* _Task goal_: After locating the line with "Hoco E70 / bluetooth" in the entries below, output it and each following line up to and including the line with "Balo nữ mini", exactly and without pictures.

* _Provided records_:

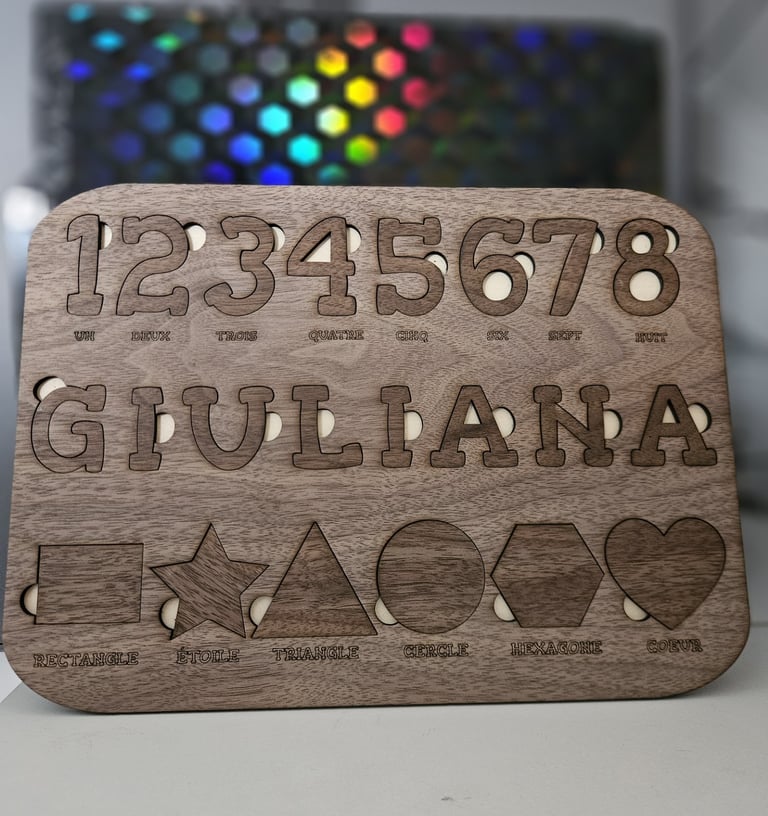 Découvrez notre puzzle artisanal en bois, entièrement personnalisé avec le prénom de votre enfant.
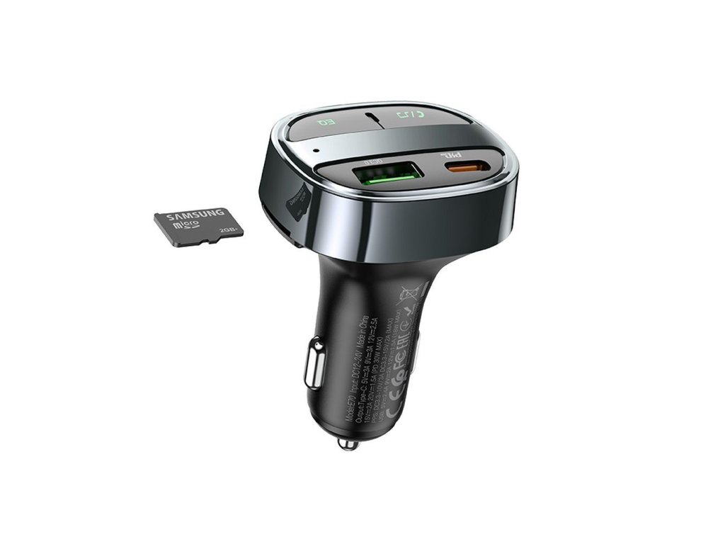 Hoco E70 / bluetooth FM transmitter / USB-C PD 30W / USB QC 3.0 / černý
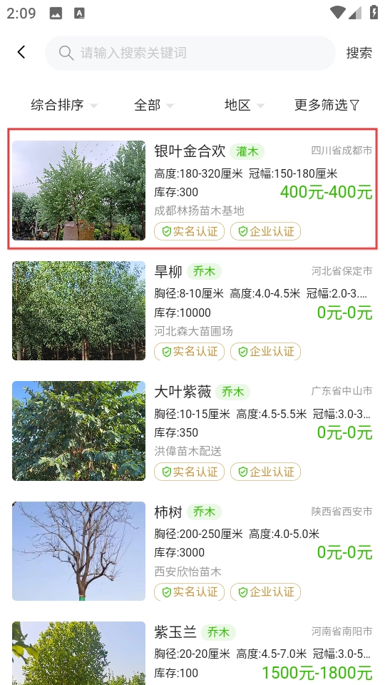 在苗木供应清单里,挑选【银叶金合欢】这一苗木品种,接着进入它的详情页面。
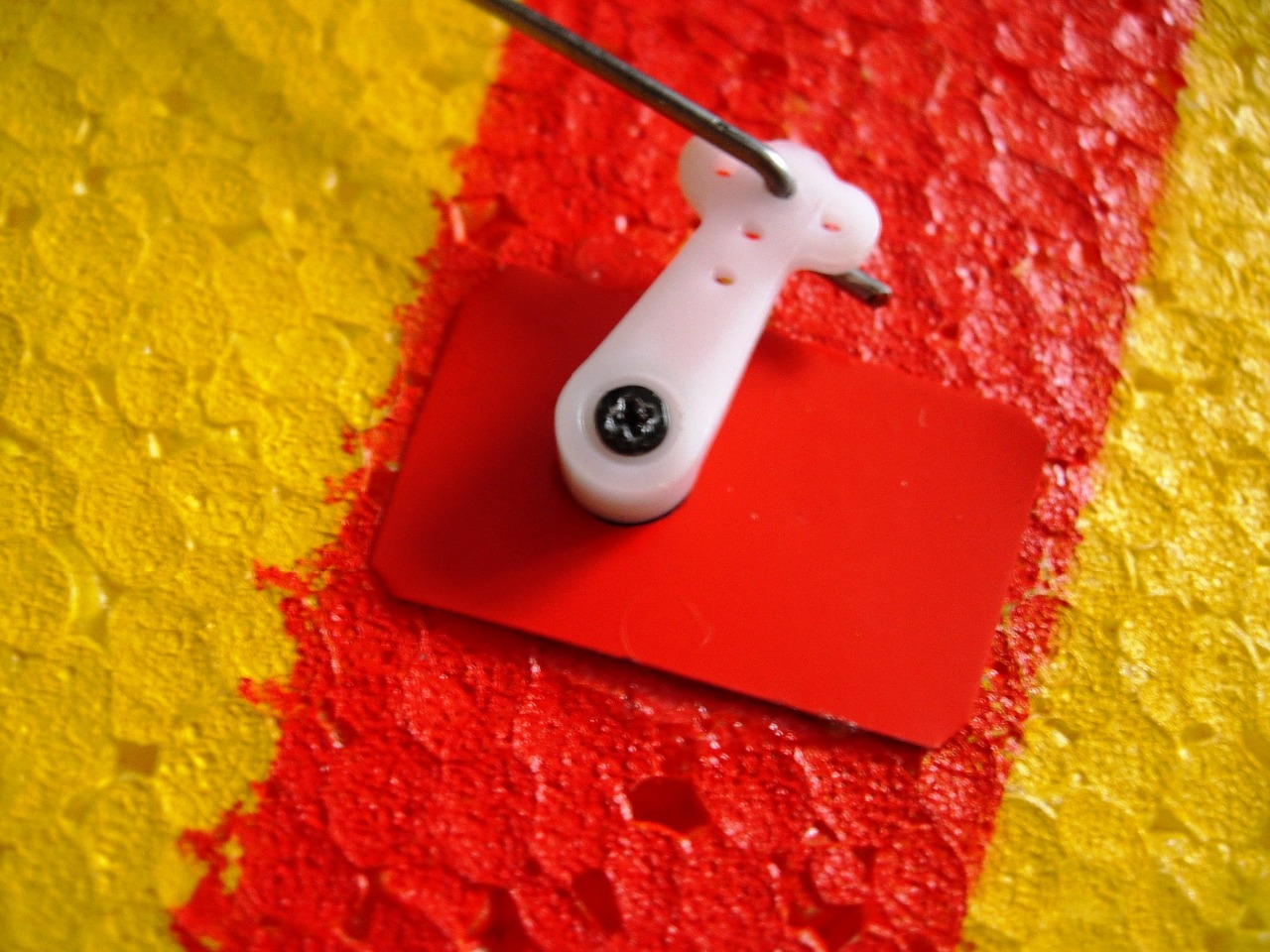 Náběžku jsem polepil skelnou páskou. I když je na internetu mnoho rad, jak zamezit odlepování pásky z EPP, nedařilo se. Po každém přistání se někde kousek odlepil. Vyzkoušeno bylo skoro všechno. Textilní páska, hliníková, delší dobu jsem létal i bez pásky. Nakonec zvítězila vyzkoušená "olizovací" hnědá páska, namočená do lepícího laku. Drží to perfektně.
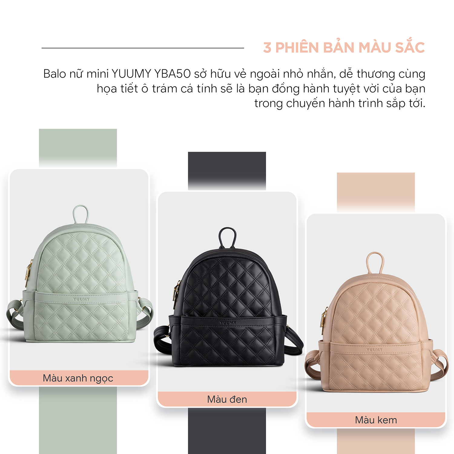Balo nữ mini YUUMY YBA50 sở hữu vẻ ngoài nhỏ nhắn, dễ thương cùng họa tiết ô trám cá tính sẽ là bạn đồng hành tuyệt vời của bạn trong chuyến hành trình sắp tới. Với kích thước gọn nhẹ tích hợp nhiều ngăn đựng cho phép bạn mang theo nhiều đồ dùng và được bảo quản an toàn tuyệt đối bởi khóa zip.
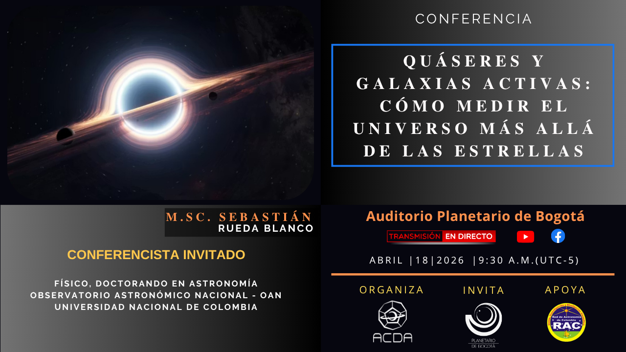En esta charla se presentarán además observaciones recientes que ilustran cómo los quásares y las galaxias activas pueden actuar como herramientas interesantes para medir la expansión del universo y aportar información clave sobre su dinámica. Así pues, se discutirá́ el papel de estos objetos en la cosmología moderna y su potencial para ayudar a resolver algunas de las preguntas fundamentales sobre el universo.
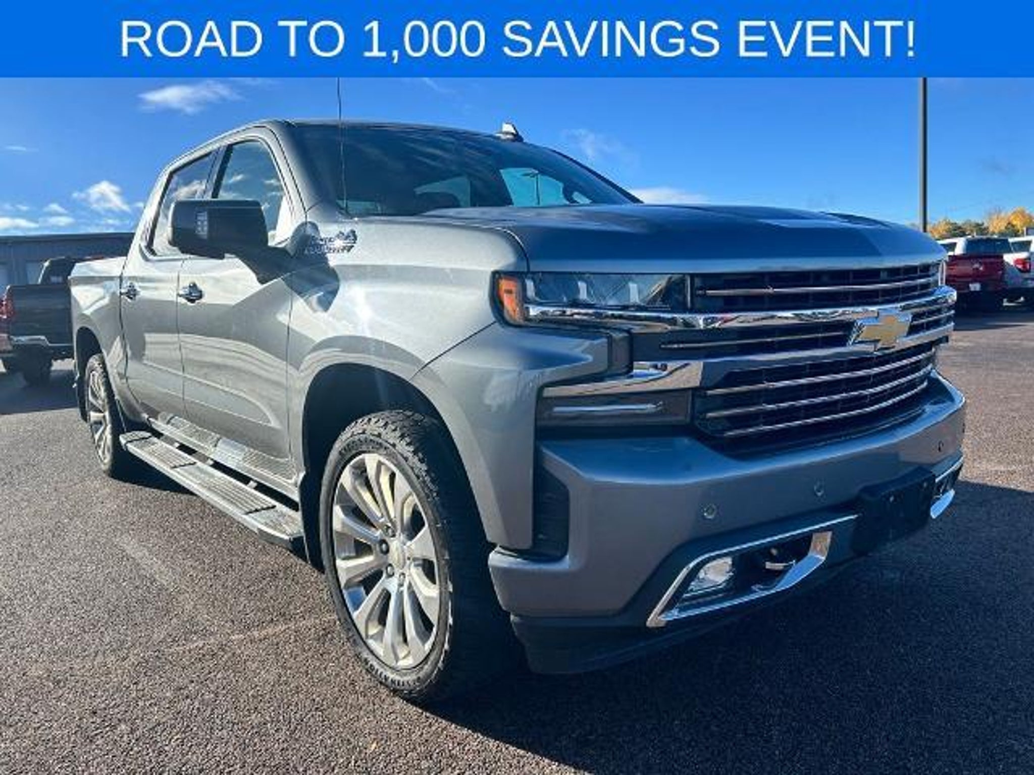 ONE OWNER BELOW BOOK VALUE 4X4 BLUETOOTH HANDS FREE PHONE BACK-UP CAMERA 10-Speed Automatic 4WD Jet Black Leather. CARFAX One-Owner. Clean CARFAX. Priced below KBB Fair Purchase Price! 2020 Chevrolet Silverado 1500 High Country Satin Steel Metallic 4WD 10-Speed Automatic EcoTec3 5.3L V8 This vehicle features High Country Deluxe (All-Weather Floor Liner (LPO) and Power Sunroof) Preferred Equipment Group 3LZ (10-Way Power Driver Seat w/Lumbar 10-Way Power Passenger Seat Adjuster w/Lumbar 12-Volt Rear Auxiliary Power Outlet 120-Volt Bed Mounted Power Outlet 120-Volt Instrument Panel Power Outlet 2nd Row Heated Outboard Seats 4G LTE Wi-Fi Hot Spot Capable 8 Driver Information Center Advanced Trailering System Auto-Dimming Inside Rear-View Mirror Auxiliary External Transmission Oil Cooler Bluetooth® For Phone Chevrolet Connected Access Capable Chevytec Spray-On Black Bedliner Chrome Assist Steps Chrome Grille Chrome Recovery Hooks Color-Keyed Carpeting Floor Covering Compass Deep-Tinted Glass Driver Memory Dual Exhaust w/Polished Outlets Electric Rear-Window Defogger Electrical Lock Control Steering Column Floor Mounted Center Console Front Carpeted Floor Mats Front LED Fog Lamps HD Radio HD Rear Vision Camera Heated Driver & Front Outboard Passenger Seats Heated Steering Wheel Heavy-Duty Rear Locking Differential Hitch Guidance Hitch Guidance w/Hitch View Integrated Trailer Brake Controller Keyless Open & Start Lane Change Alert w/Side Blind Zone Alert Leather Wrapped Steering Wheel LED Cargo Area Lighting Manual Tilt/Telescoping Steering Column OnStar & Chevrolet Connected Services Capable Outside Heated Power-Adjustable Mirrors Painted Mirror Caps Power Door Locks Power Front Passenger Windows w/Express Up/Down Power Front Windows w/Driver Express Up/Down Power Rear Windows w/Express Down Power Sliding Rear Window w/Rear Defogger Rear Carpeted Floor Mats Rear Cross Traffic Alert Rear Dual USB Charging-Only Ports Rear Wheelhouse Liners Remote Vehicle Starter System SiriusXM w/360L Steering Wheel Audio Controls Steering Wheel Mounted Electronic Cruise Control Theft Deterrent System (Unauthorized Entry) Ultrasonic Front & Rear Park Assist Universal Home Remote Ventilated Driver & Front Passenger Seats and Wireless Charging) Safety Package II (Adaptive Cruise Control - Camera Automatic Emergency Braking Following Distance Indicator Forward Collision Alert Front Pedestrian Braking IntelliBeam Automatic High Beam On/Off Lane Keep Assist w/Lane Departure Warning and Safety Alert Seat) Trailering Package Up-Level Rear Seat w/Storage Package 10-Speed Automatic 4WD Jet Black Leather 170 Amps Alternator 3.23 Rear Axle Ratio 4-Wheel Disc Brakes 7 Speakers ABS brakes Air Conditioning Alloy wheels AM/FM radio: SiriusXM with 360L Apple CarPlay/Android Auto Auto-dimming door mirrors Auto-dimming Rear-View mirror Automatic temperature control Brake assist Bumpers: body-color Delay-off headlights Driver door bin Driver vanity mirror Dual front impact airbags Dual front side impact airbags Electronic Stability Control Front anti-roll bar Front Bucket Seats Front Center Armrest Front dual zone A/C Front fog lights Front License Plate Kit Front reading lights Front wheel independent suspension Fully automatic headlights Garage door transmitter Heated door mirrors Heated front seats Heated rear seats Heated steering wheel Heavy Duty Suspension Illuminated entry Low tire pressure warning Memory seat Molded Black Splash Guards (LPO) Navigation System Occupant sensing airbag Outside temperature display Overhead airbag Overhead console Panic alarm Passenger door bin Passenger vanity mirror Perforated Leather-Appointed Seat Trim Power door mirrors Power driver seat Power passenger seat Power steering Power windows Premium audio system: Chevrolet Infotainment 3 Premium Radio data system Radio: Chevrolet In>
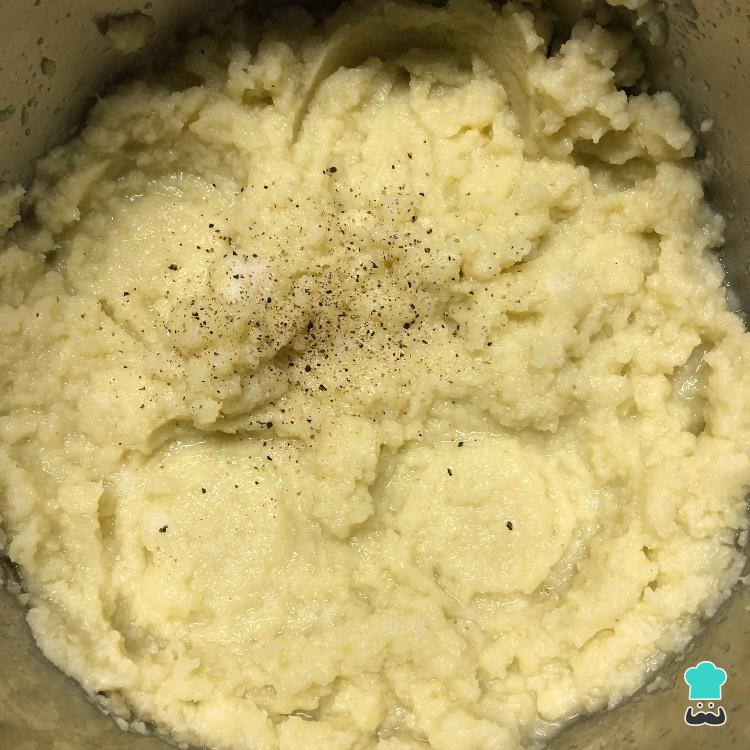 Se quiser pode temperar a couve flor amassada com sal e pimenta e usá-la já no escondidinho. Caso prefira um purê mais liso, use um mixer manual para alisar um pouco. Reserve.
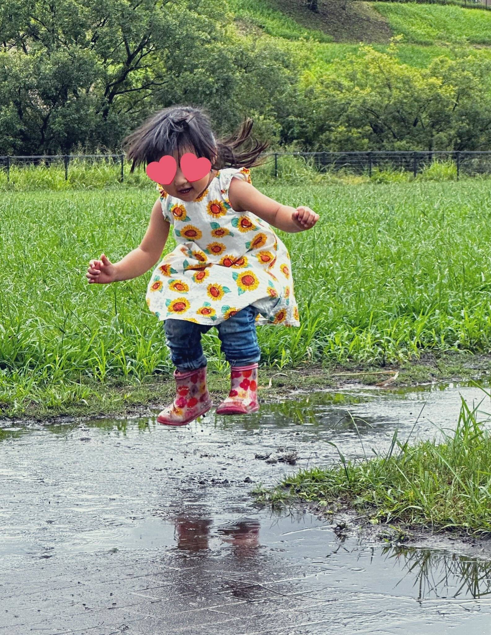 写真には、水たまりに向かって娘さんが大ジャンプした瞬間が!
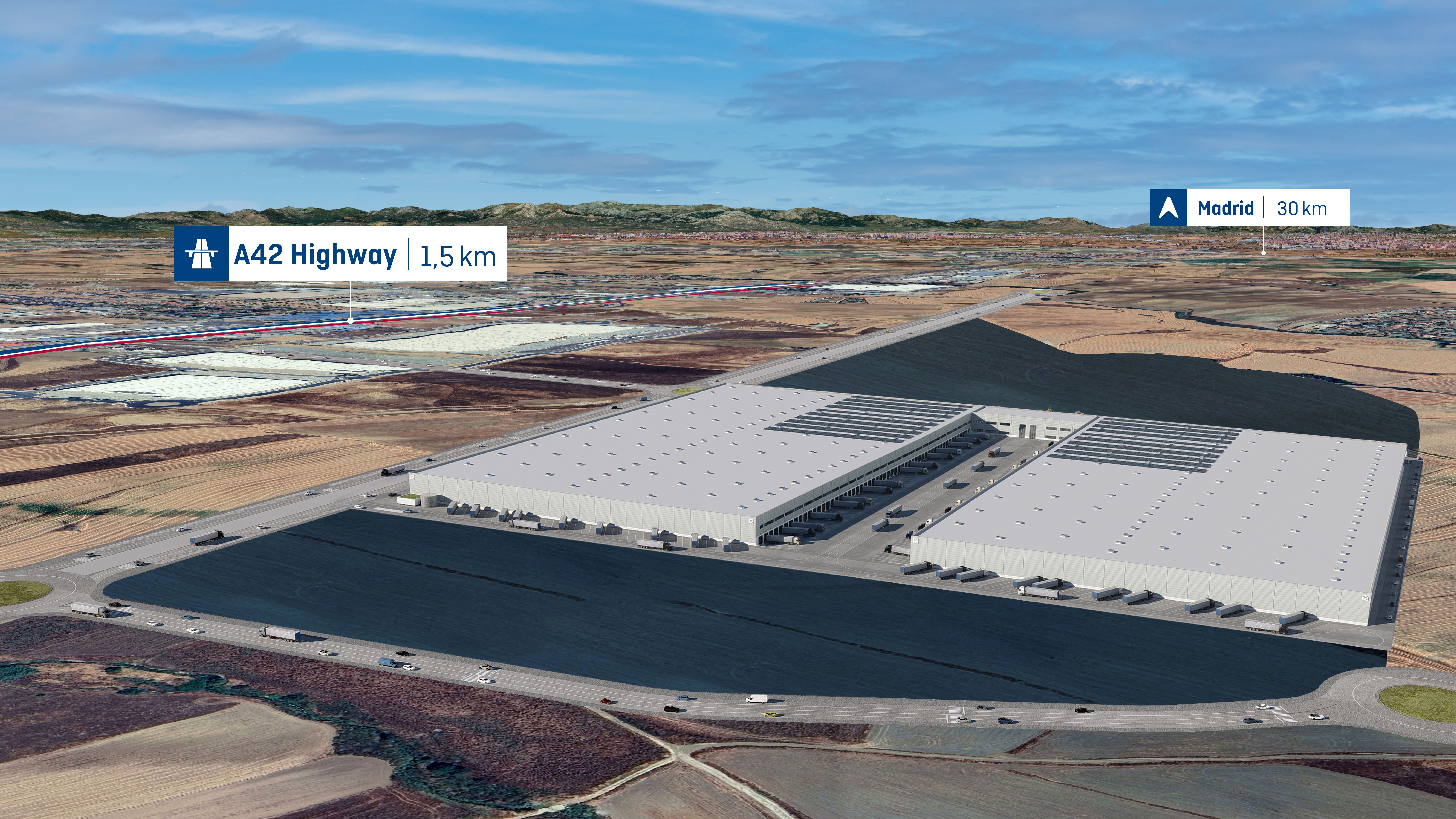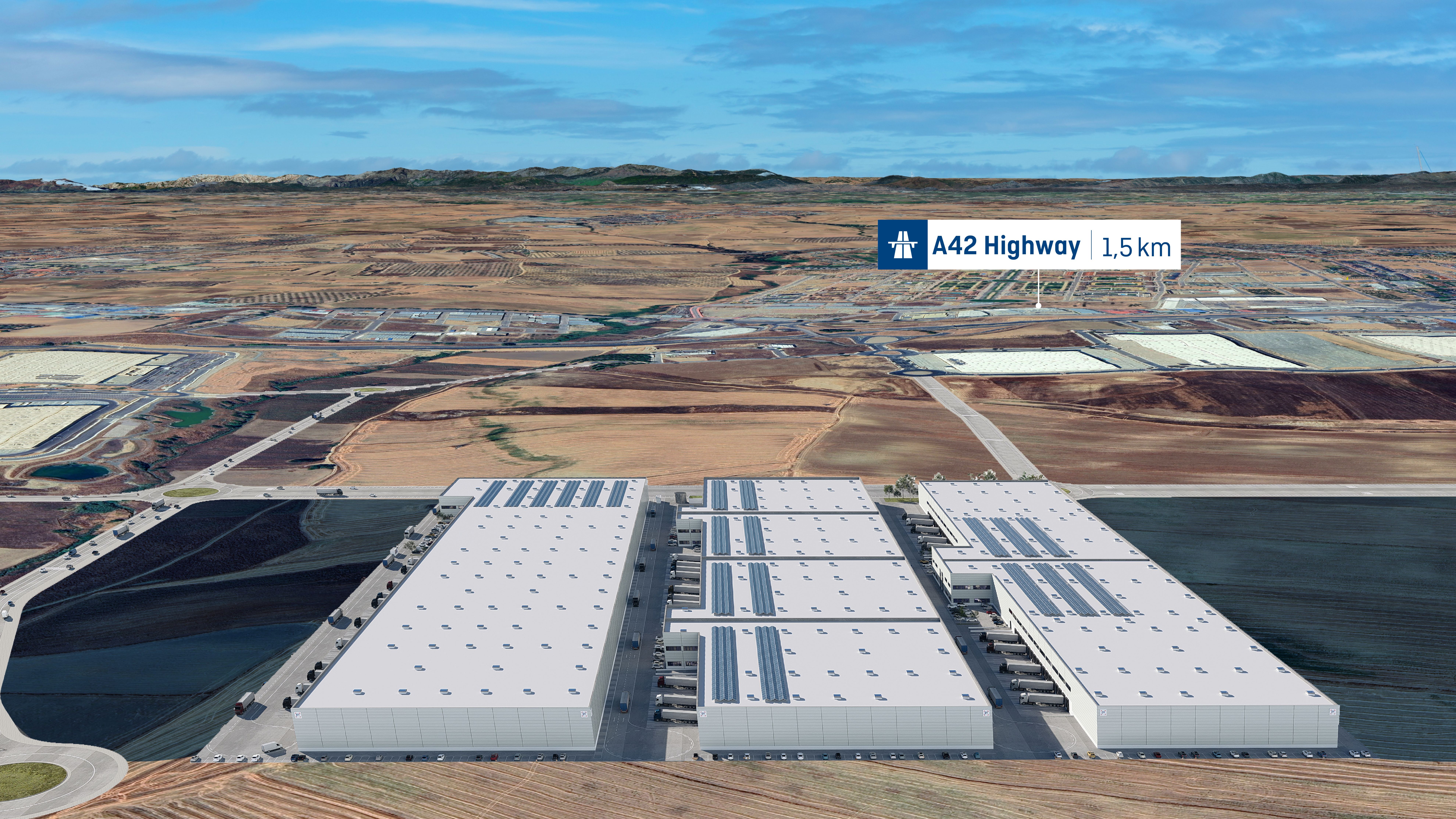 It is a key logistics hub in Spain, located in the 3rd Ring of the Southern Corridor of Madrid, next to the A-42 motorway and 40-min drive to the city center, providing quick and easy access to 90% of Madrid´s population.
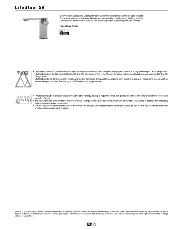 deciding technical and aesthetical modifications without prior notice. - FIR ITALIA ist ausdrücklich dazu berechtigt, technische und ästetische Änderungen an ihre einigen Produkte ohne vorherige

* _Solution for this exercise_:
 Hoco E70 / bluetooth FM transmitter / USB-C PD 30W / USB QC 3.0 / černý
 在苗木供应清单里,挑选【银叶金合欢】这一苗木品种,接着进入它的详情页面。
 Náběžku jsem polepil skelnou páskou. I když je na internetu mnoho rad, jak zamezit odlepování pásky z EPP, nedařilo se. Po každém přistání se někde kousek odlepil. Vyzkoušeno bylo skoro všechno. Textilní páska, hliníková, delší dobu jsem létal i bez pásky. Nakonec zvítězila vyzkoušená "olizovací" hnědá páska, namočená do lepícího laku. Drží to perfektně.
Balo nữ mini YUUMY YBA50 sở hữu vẻ ngoài nhỏ nhắn, dễ thương cùng họa tiết ô trám cá tính sẽ là bạn đồng hành tuyệt vời của bạn trong chuyến hành trình sắp tới. Với kích thước gọn nhẹ tích hợp nhiều ngăn đựng cho phép bạn mang theo nhiều đồ dùng và được bảo quản an toàn tuyệt đối bởi khóa zip.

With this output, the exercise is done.